Healthy Poke aimed to reduce manual tasks associated with extracting and consolidating data from various sources, including Revo, Gstock, Deliverex, and Excel files.
Prior to implementing the solution, the company spent significant time centralizing and transforming sales data to generate informative pivot tables.
The proposed solution automated these processes, creating an information schema in a cloud warehouse and facilitating the development of an interactive dashboard for agile monitoring of key business metrics. This resulted in a significant reduction in data preparation times and manual errors while enabling easy incorporation of new data sources.
Before Implementation
The company dedicated considerable time to the manual collection and transformation of data, hindering agile analysis.
Handling Excel files and manually entering data increased the risk of errors.
The lack of a centralized system made it difficult to incorporate new data sources and create new metrics, limiting opportunities.
Key Improvements
An automated system was implemented for extracting, transforming, and loading (ETL) data, drastically reducing times.
The creation of a centralized database allows for storing information from different sources.
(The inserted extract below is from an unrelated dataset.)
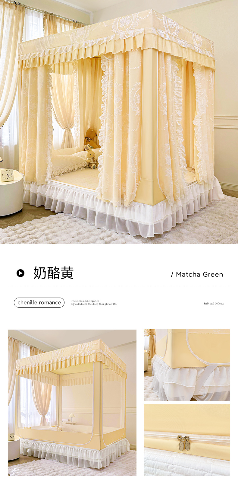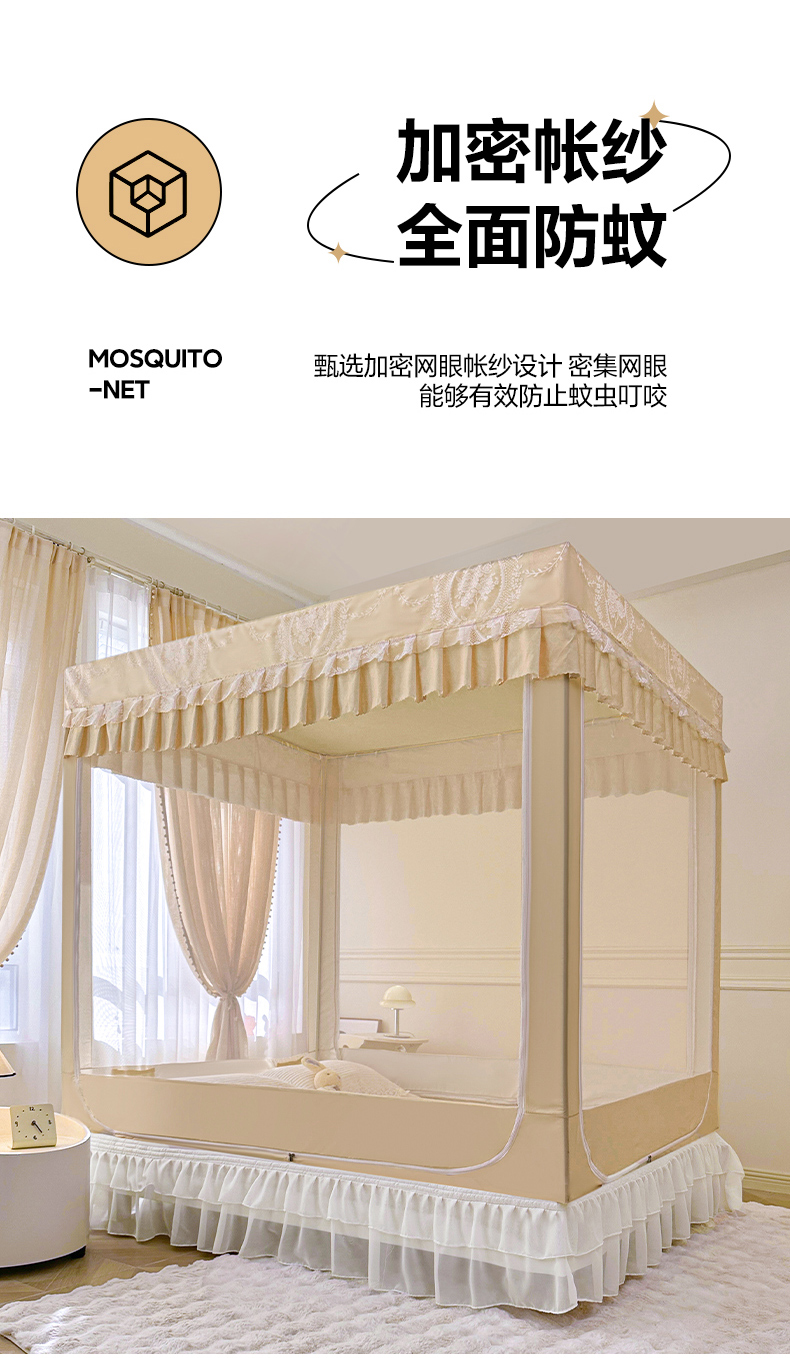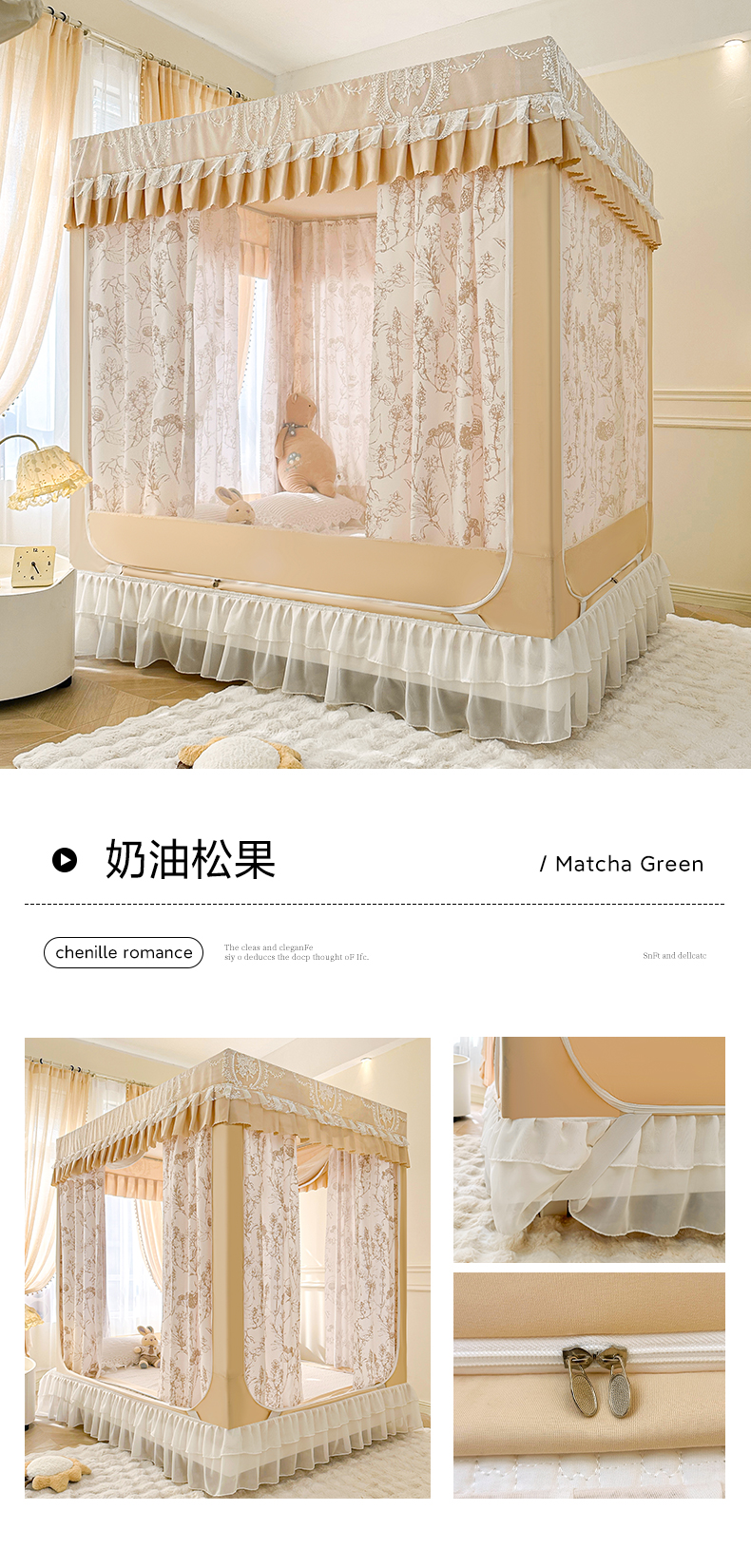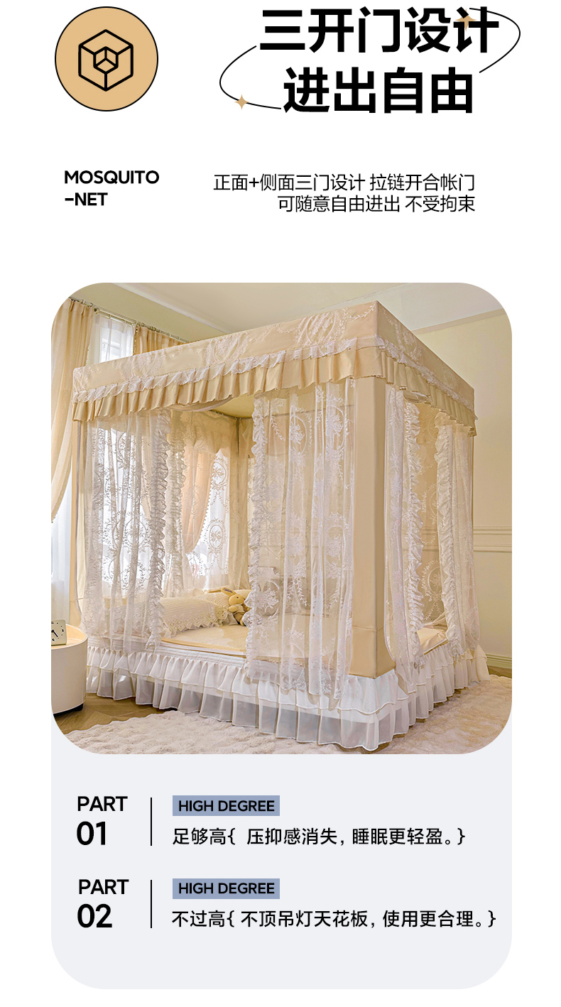 (总)2025新款浪漫落地蕾丝花边蚊帐905提花系带系列,905玫瑰庄园-奶油白,905玫瑰庄园-奶油杏,905玫瑰庄园-奶油玉

The development of a data portal provides intuitive and accessible visualizations of key business metrics, improving decision-making.
Project Overview
1.
Process Review
Held meetings with Healthy Poke to understand their manual data processes and key reporting needs, focusing on reducing time spent on manual data consolidation from Revo, Gstock, and Excel.
2.
Solution Design
Designed an automated ETL system using Google Cloud Functions, Python, and BigQuery to centralize data from multiple sources, ensuring scalability for future needs.
3.
ETL Implementation
Automated data extraction and transformation from Revo and Gstock, using Python for data cleaning, adding columns, and transposing data, then ingested into BigQuery for further analysis.
4.
Portal implementation
Built an interactive data portal to provide real-time insights, enabling flexible analysis through filters for period, location, cluster, and category, replacing manual reporting with agile, automated access to business metrics.
Python
BigQuery
Google Cloud Platform
Looker
Technologies used
Juan Uribe
CEO - Healthy Poke
"This project has transformed how we manage our data. Tasks that used to take hours are now automated, saving us time and improving accuracy. The interactive dashboard gives us real-time insights into our operations, making decision-making faster and more informed. The scalability of the solution also allows us to grow effortlessly, adding new data sources and metrics as needed."